When you really get down to it, html pages are just text anyways.
Joined: Mar 2014
Posts: 81
Thanks:
0
Thanks for the replies.
Stansfield123: that program looks interesting for sure. I'll check it out.
Zarxrax: the idea was to have some program or function to save an entire webpage/site all in one, not just one page of it. Otherwise I'd have to spend a lot of time clicking on every link on the entire page trying to find everything (unless there's an option in Firefox to do all of that automatically that I'm not aware of).
Joined: Mar 2008
Posts: 1,049
Thanks:
4
Hmmm, well actually there is a firefox extension called Downthemall which can probably do it. It can basically follow links on a page and download them, using some rules which you specify.
Joined: Apr 2008
Posts: 298
Thanks:
0
On Linux (or after installing cygwin on Windows) you can just use wget to mirror the whole website.

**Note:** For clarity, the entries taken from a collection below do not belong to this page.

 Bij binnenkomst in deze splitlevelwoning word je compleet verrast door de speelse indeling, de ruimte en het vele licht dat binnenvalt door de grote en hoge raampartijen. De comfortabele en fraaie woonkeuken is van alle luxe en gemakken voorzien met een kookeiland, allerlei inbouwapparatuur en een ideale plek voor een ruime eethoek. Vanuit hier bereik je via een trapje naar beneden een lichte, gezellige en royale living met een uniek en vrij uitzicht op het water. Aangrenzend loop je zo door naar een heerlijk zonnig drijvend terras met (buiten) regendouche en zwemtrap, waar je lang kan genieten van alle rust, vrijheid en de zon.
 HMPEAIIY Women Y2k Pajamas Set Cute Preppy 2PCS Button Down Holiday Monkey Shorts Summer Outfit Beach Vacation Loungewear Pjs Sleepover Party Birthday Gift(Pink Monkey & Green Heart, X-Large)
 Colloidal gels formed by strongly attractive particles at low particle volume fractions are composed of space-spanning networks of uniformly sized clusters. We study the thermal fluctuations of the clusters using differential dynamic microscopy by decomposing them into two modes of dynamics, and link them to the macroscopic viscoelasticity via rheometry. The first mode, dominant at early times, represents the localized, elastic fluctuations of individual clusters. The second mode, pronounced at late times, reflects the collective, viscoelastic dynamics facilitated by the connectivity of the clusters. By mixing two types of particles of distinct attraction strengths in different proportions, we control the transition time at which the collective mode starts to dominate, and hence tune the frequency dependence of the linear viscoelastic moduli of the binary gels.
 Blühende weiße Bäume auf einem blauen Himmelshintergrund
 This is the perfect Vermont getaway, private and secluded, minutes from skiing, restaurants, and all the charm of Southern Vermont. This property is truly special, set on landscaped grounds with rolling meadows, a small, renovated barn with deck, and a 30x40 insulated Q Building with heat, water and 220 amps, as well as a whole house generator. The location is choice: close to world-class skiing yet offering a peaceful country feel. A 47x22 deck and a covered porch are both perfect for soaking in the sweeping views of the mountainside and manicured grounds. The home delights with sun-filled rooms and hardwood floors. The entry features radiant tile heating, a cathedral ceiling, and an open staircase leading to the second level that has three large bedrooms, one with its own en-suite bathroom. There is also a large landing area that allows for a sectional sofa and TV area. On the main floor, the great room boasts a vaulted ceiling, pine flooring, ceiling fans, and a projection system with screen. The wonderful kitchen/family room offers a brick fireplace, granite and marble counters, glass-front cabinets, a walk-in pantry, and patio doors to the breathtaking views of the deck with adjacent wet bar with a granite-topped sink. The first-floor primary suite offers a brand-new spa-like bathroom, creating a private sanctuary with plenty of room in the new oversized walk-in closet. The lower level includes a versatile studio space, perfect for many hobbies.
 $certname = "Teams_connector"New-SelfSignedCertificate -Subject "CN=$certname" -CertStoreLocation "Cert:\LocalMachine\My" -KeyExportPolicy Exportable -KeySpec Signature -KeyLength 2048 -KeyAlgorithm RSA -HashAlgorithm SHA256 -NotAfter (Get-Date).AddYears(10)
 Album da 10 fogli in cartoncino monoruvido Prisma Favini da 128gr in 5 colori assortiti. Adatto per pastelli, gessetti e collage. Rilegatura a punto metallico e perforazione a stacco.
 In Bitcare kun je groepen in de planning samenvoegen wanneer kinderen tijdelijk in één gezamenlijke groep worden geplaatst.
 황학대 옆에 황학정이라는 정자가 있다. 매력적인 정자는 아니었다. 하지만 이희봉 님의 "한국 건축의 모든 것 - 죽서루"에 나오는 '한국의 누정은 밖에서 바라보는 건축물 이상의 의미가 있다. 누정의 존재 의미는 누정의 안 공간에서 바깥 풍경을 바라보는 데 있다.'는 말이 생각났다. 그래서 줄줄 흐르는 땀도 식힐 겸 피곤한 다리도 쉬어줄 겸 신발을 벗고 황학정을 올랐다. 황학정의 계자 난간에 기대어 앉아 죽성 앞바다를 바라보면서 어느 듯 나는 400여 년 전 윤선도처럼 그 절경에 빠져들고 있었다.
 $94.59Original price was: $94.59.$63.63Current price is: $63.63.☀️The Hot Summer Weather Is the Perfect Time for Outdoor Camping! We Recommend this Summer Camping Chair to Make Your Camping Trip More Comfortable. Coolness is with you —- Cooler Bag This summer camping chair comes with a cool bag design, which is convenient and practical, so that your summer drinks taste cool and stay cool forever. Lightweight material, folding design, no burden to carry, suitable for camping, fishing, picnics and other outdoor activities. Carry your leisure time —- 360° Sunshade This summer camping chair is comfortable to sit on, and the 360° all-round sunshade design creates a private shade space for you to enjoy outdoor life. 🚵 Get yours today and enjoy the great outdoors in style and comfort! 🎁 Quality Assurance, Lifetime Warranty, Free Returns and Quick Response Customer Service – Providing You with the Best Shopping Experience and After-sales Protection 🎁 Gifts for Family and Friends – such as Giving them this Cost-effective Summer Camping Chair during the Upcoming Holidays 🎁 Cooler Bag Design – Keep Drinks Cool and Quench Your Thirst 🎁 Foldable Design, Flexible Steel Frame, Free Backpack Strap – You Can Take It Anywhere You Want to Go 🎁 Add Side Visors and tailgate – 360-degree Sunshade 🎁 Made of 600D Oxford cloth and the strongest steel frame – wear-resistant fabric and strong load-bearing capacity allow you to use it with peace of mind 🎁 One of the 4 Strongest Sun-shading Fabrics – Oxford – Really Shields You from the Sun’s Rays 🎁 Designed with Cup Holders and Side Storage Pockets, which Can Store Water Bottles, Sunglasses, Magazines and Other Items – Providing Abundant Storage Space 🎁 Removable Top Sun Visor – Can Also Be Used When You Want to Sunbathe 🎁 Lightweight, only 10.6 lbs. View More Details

Then if you want all the .html files as one you can just concatenate them together. Easy peasy.
Joined: Apr 2011
Posts: 1,085
Thanks:
15
I don't think CB's text analysis tool would fare all that well with html files. It needs plain text.
Html isn't text. It's markup. Since it isn't that difficult to convert html into text (by getting rid of said markup), why not advise to OP to find a tool that does it, just like he was planning to?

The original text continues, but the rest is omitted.